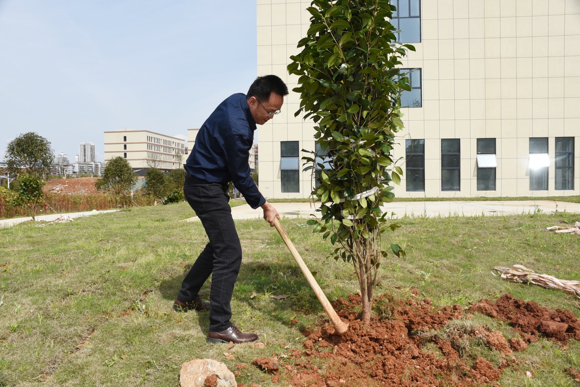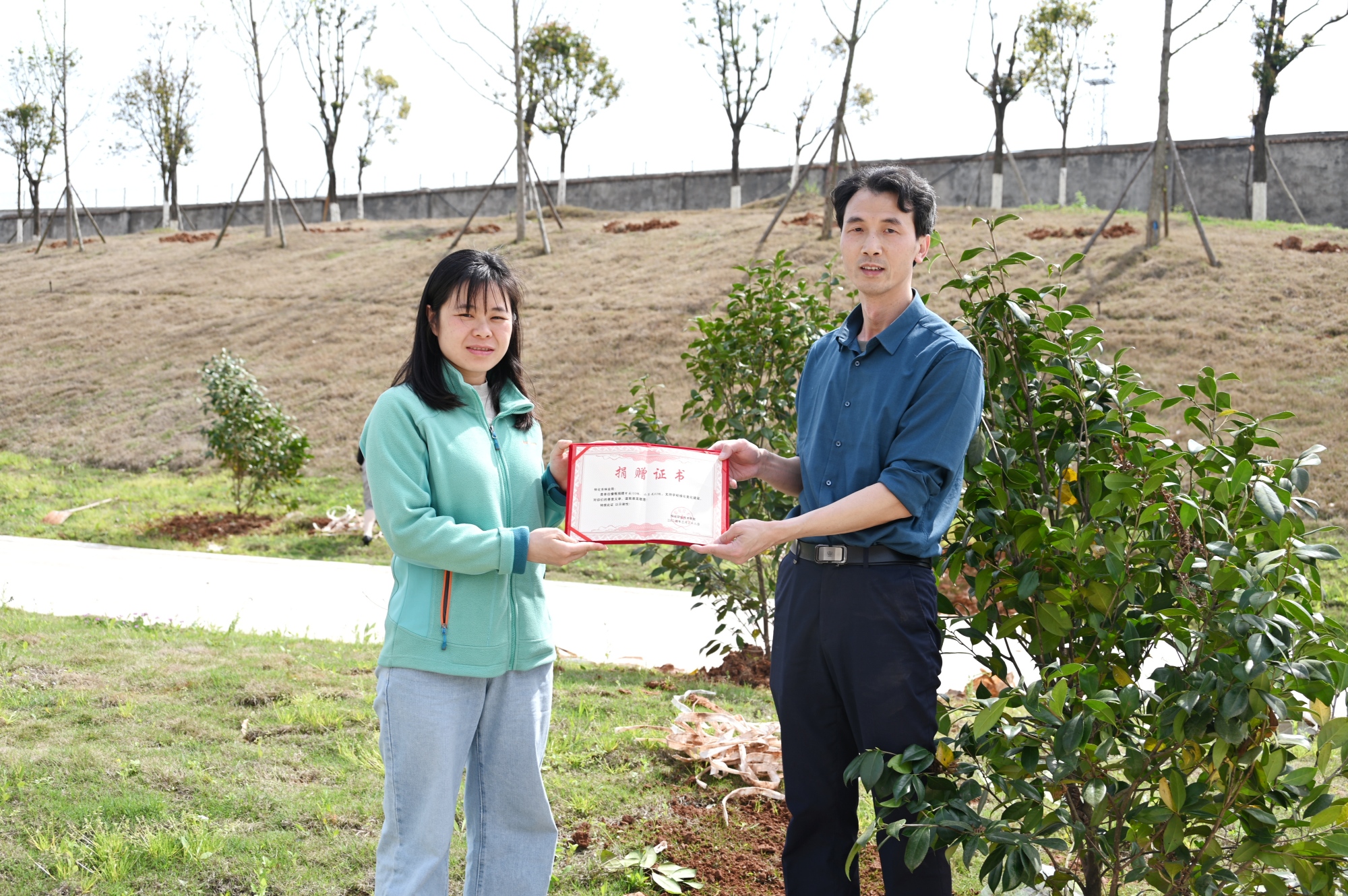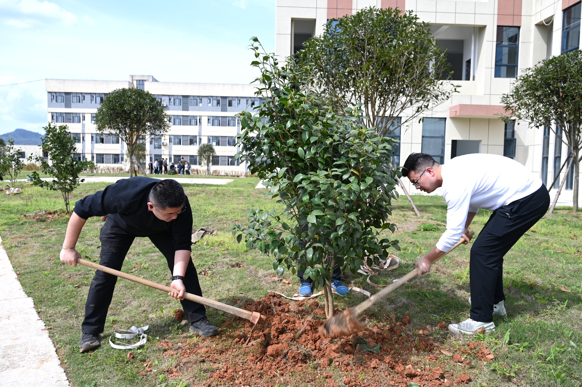 此次义务植树活动在学校新食堂至新建的3号楼周围集中栽植山茶花和紫薇近200株。
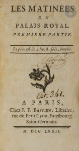 LES MATINÉES DU PALAIS ROYAL. — Paris : J. F. Bastien, 1772. — 2 volumes in-12, 136 x 80 : (1 f.), 201 pp. ; (1 f.), 219 pp., (1 f.). — Basane marbrée, dos lisse orné, tranches rouges (reliure de l’époque).
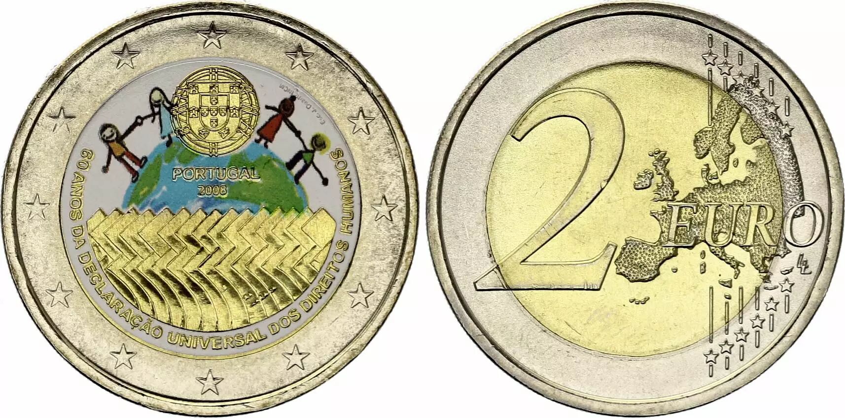 Pièce Portugal 2 Euros - Droits de l'homme - Colorisée - 2008
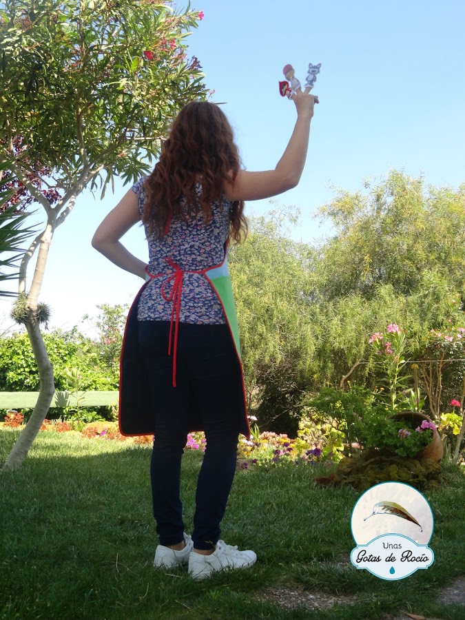 Otro detalle que considero importante es el bolsillo que lleva incorporado el delantal, útil para guardar además de todas las piezas que he preparado, algún instrumento musical que haga de acompañamiento o el libro del cuento en sí, que sirva para cerrar la actividad y contribuya de este modo a asociar lectura con libro y no sólo lectura con narración oral o teatro.
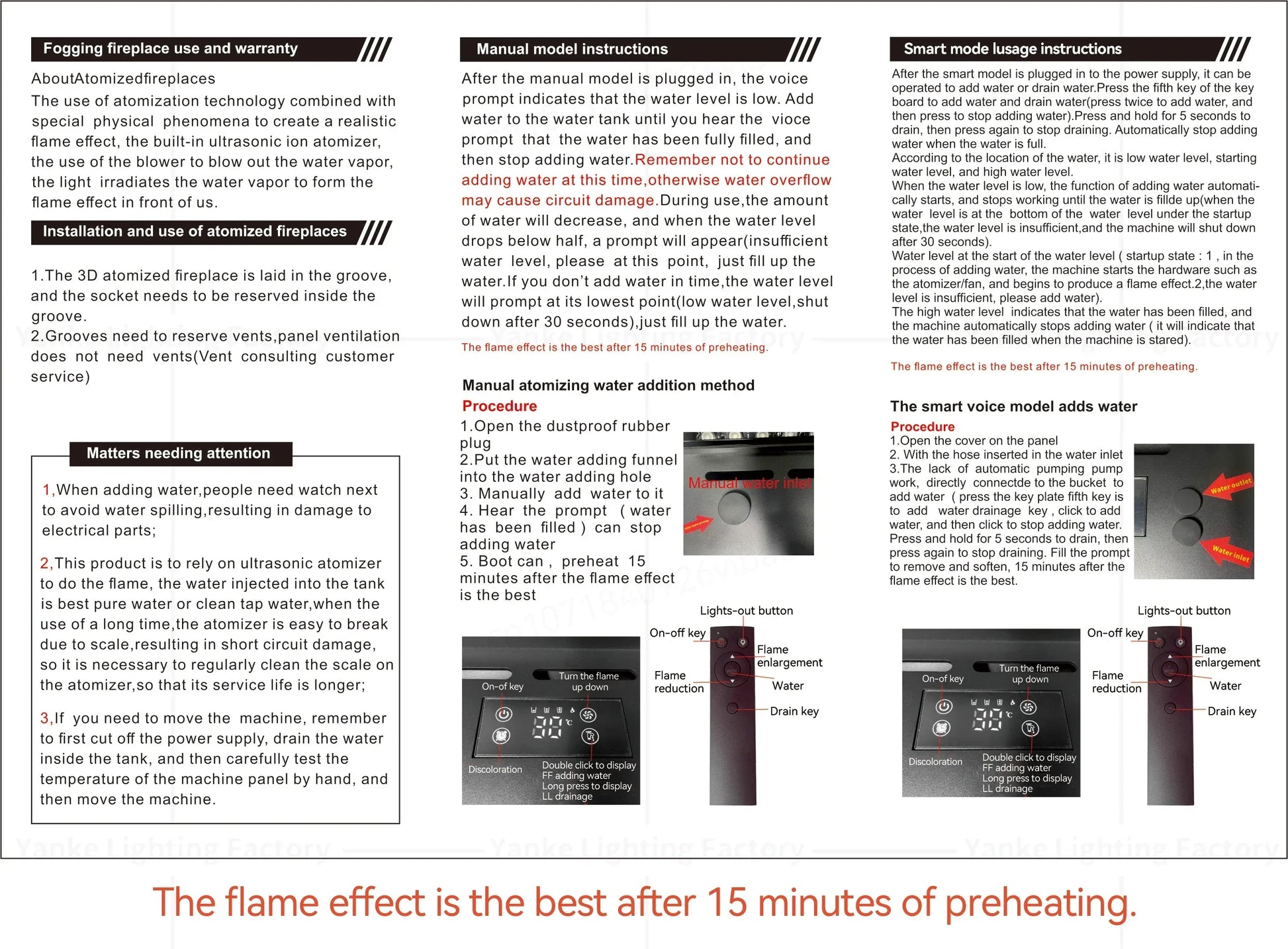 4. In oder to extend life of burner, suggest used purified water, in case dirt of water lead to fireplace unable to work after long time used.

- [Activity]:
Give back each entry exactly as it appears, with no pictures.

- [Output of the task]:
 此次义务植树活动在学校新食堂至新建的3号楼周围集中栽植山茶花和紫薇近200株。
 LES MATINÉES DU PALAIS ROYAL. — Paris : J. F. Bastien, 1772. — 2 volumes in-12, 136 x 80 : (1 f.), 201 pp. ; (1 f.), 219 pp., (1 f.). — Basane marbrée, dos lisse orné, tranches rouges (reliure de l’époque).
 Pièce Portugal 2 Euros - Droits de l'homme - Colorisée - 2008
 Otro detalle que considero importante es el bolsillo que lleva incorporado el delantal, útil para guardar además de todas las piezas que he preparado, algún instrumento musical que haga de acompañamiento o el libro del cuento en sí, que sirva para cerrar la actividad y contribuya de este modo a asociar lectura con libro y no sólo lectura con narración oral o teatro.
 4. In oder to extend life of burner, suggest used purified water, in case dirt of water lead to fireplace unable to work after long time used.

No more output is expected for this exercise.